#### [Supplied information]
--
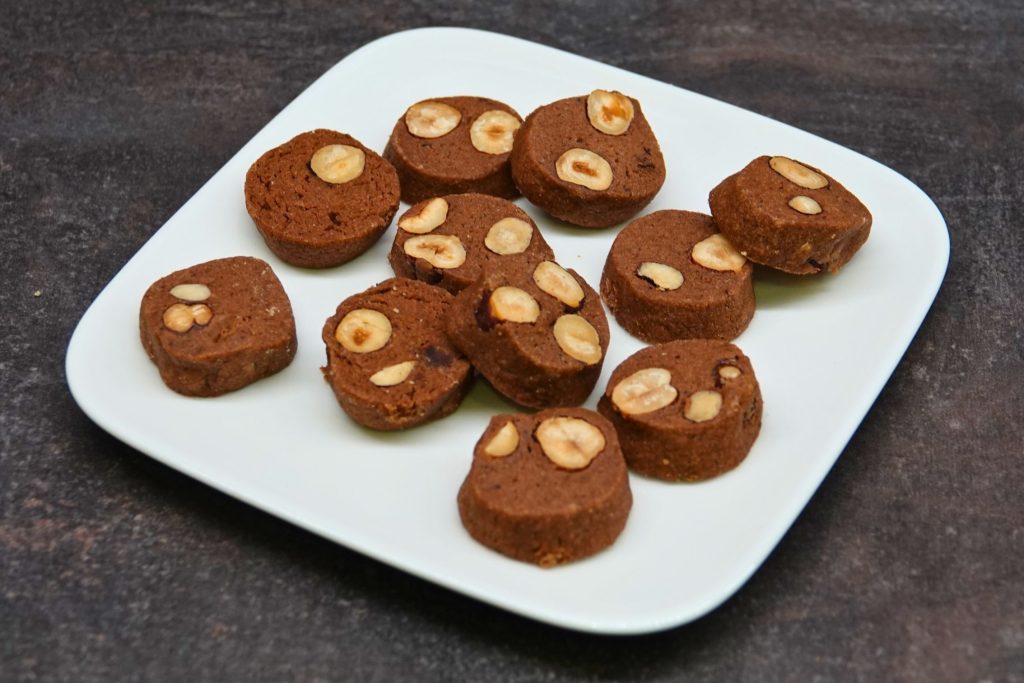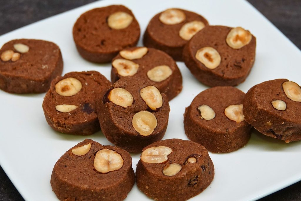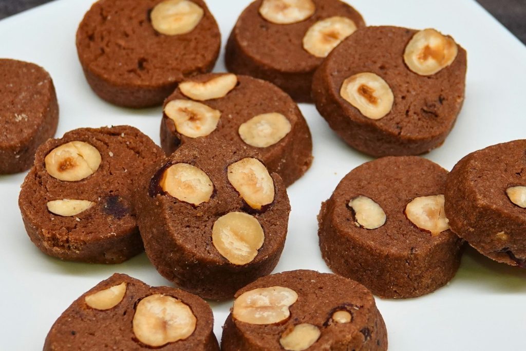 Složení: pšeničná mouka, máslo, lískové ořechy, cukr, žloutky, kakao
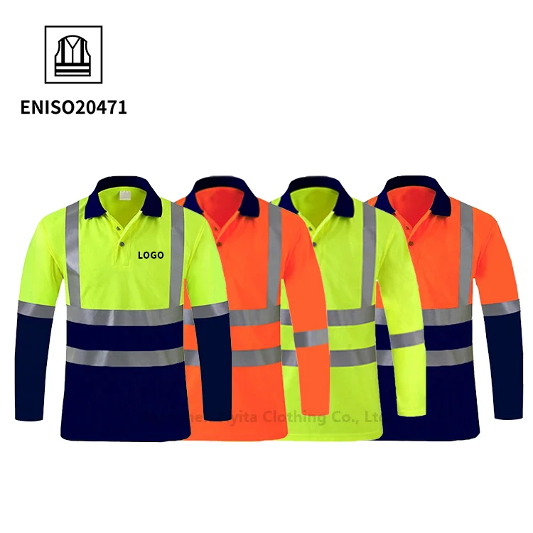 Men's Hi Vis Polyester Work Shirt ANSI Class 3 High Fluorescent Visibility Construction Mining Coal Uniform Safety Work Clothes
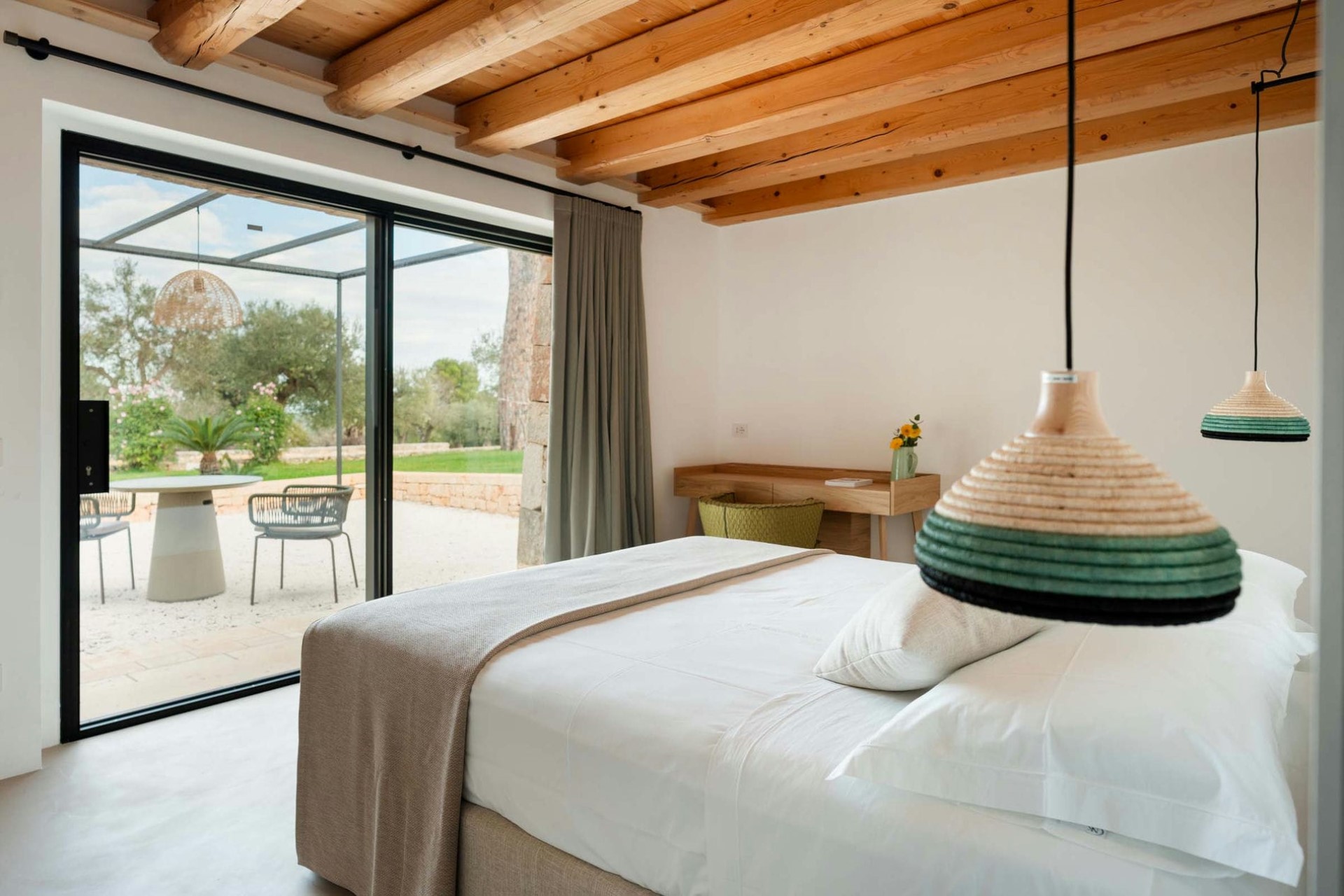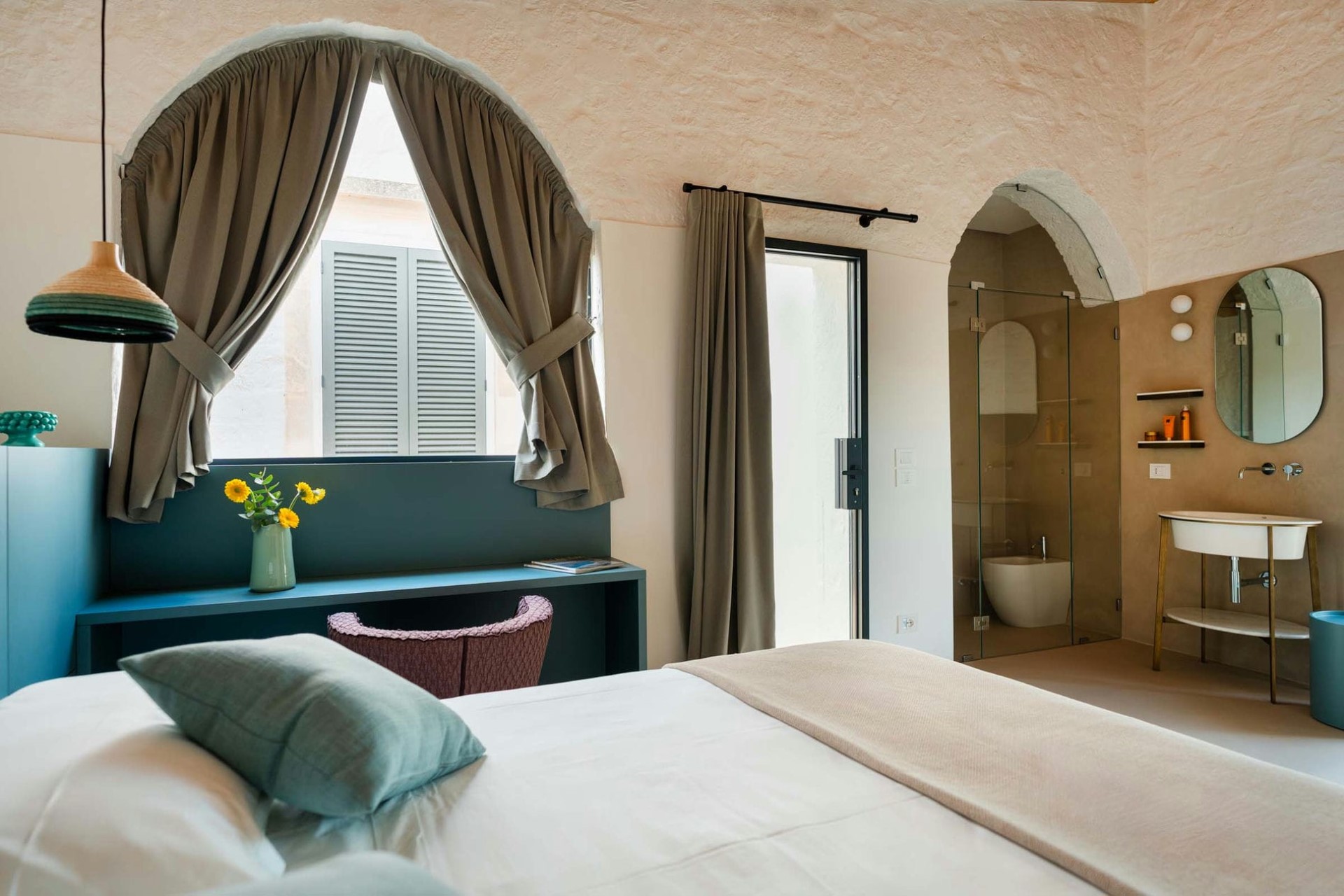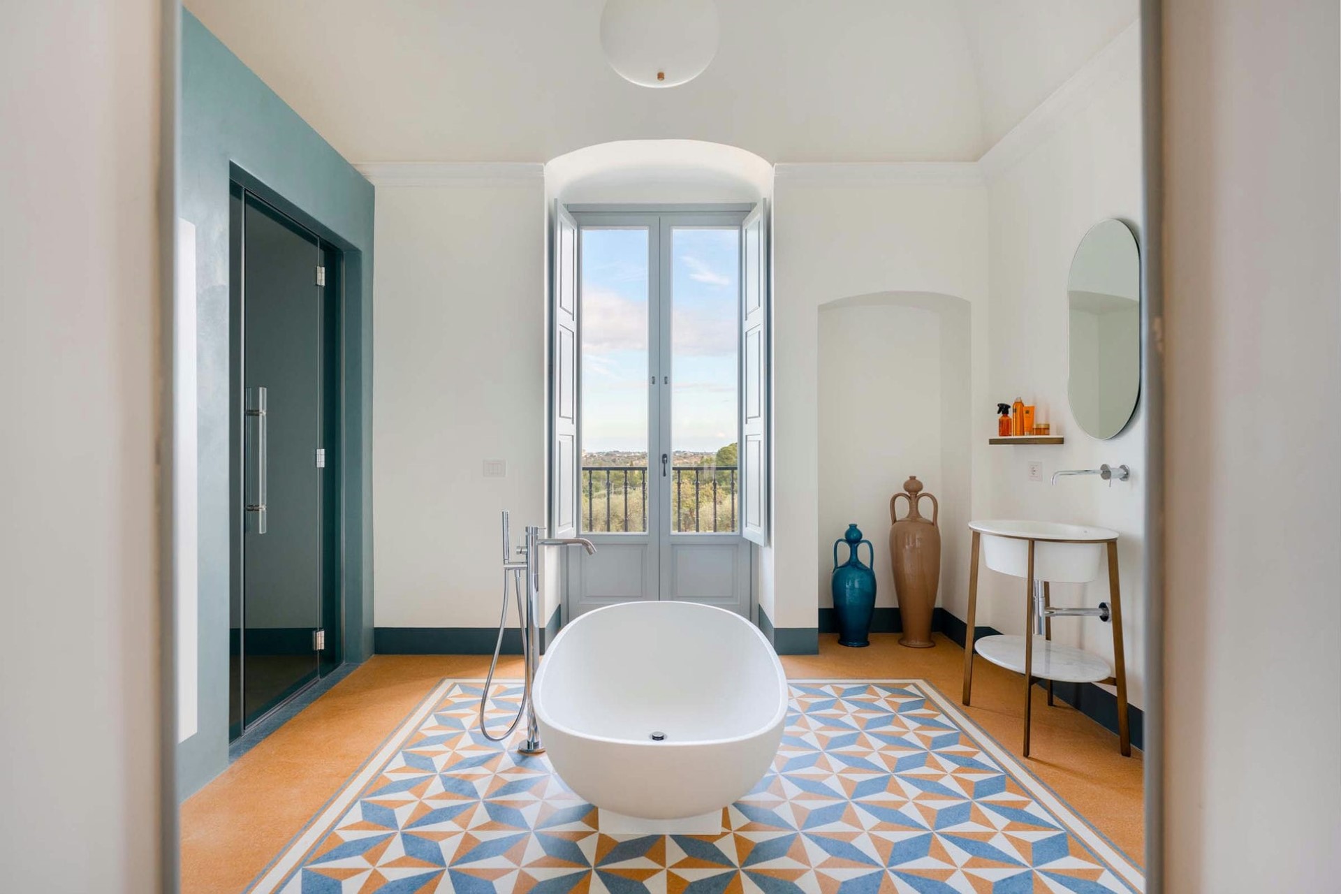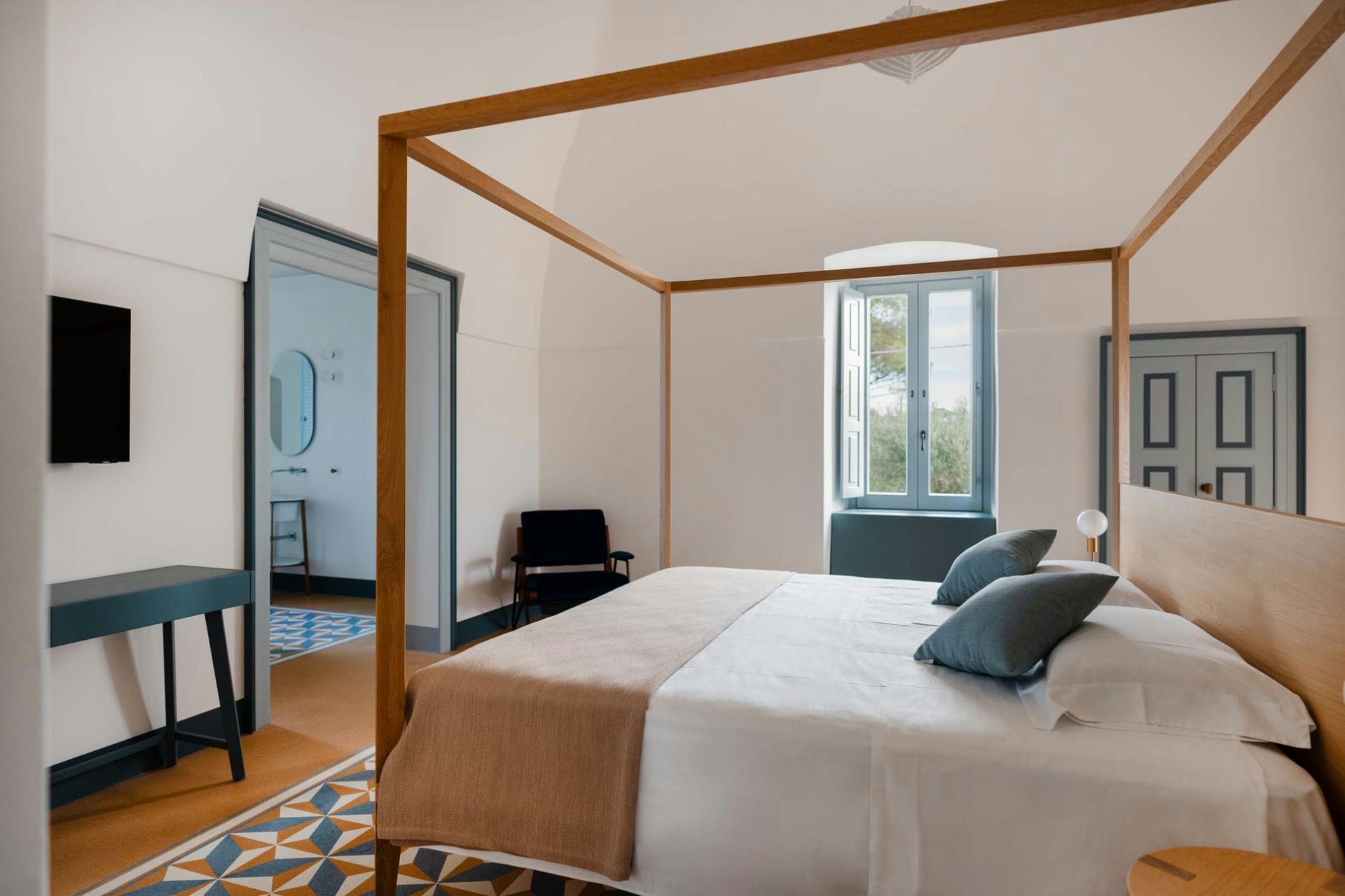 Master Bedroom – king-size bed, en-suite bathroom with hammam & bathtub/shower, and private balcony with countryside views
--
#### [What you are asked to do]
Strip out the pictures and reproduce the remaining material above exactly.

#### [Finished task]
 Složení: pšeničná mouka, máslo, lískové ořechy, cukr, žloutky, kakao
 Men's Hi Vis Polyester Work Shirt ANSI Class 3 High Fluorescent Visibility Construction Mining Coal Uniform Safety Work Clothes
 Master Bedroom – king-size bed, en-suite bathroom with hammam & bathtub/shower, and private balcony with countryside views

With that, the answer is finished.